Start of Data records
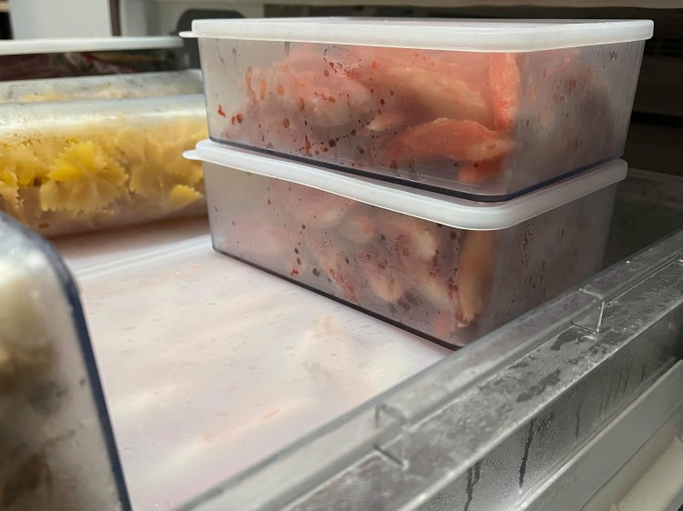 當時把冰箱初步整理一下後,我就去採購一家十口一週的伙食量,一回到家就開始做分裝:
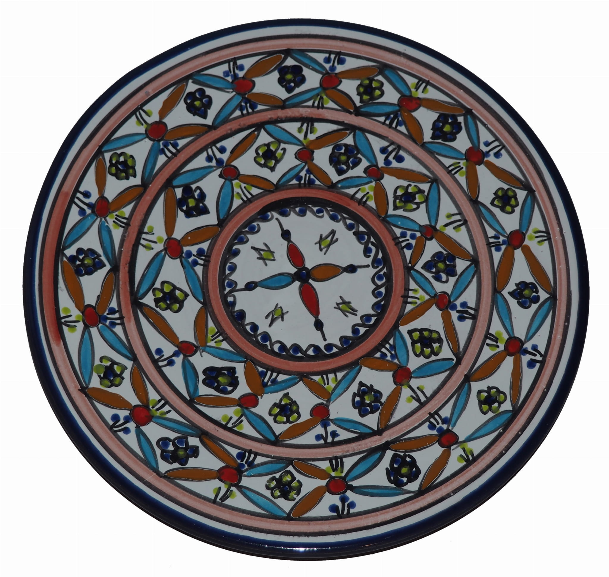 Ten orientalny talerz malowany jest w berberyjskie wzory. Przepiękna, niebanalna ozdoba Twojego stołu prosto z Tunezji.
End of Data records
Start of Data records
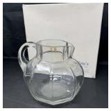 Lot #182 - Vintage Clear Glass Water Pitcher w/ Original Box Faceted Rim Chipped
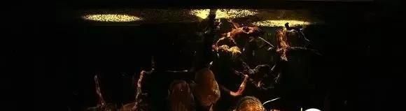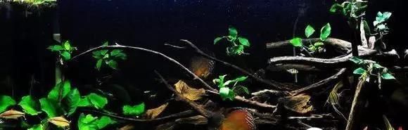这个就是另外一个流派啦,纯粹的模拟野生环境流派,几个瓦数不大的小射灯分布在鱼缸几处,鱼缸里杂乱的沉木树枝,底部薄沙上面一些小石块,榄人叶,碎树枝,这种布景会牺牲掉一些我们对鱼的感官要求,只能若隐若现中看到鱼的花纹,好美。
End of Data records
The response must repeat exactly the lines above from the one with "當時把冰箱初步整理一下後,我" through the one with "Ten orientalny talerz", including both, and must contain no pictures and no other text.

* [Expected output]:
 當時把冰箱初步整理一下後,我就去採購一家十口一週的伙食量,一回到家就開始做分裝:
 Ten orientalny talerz malowany jest w berberyjskie wzory. Przepiękna, niebanalna ozdoba Twojego stołu prosto z Tunezji.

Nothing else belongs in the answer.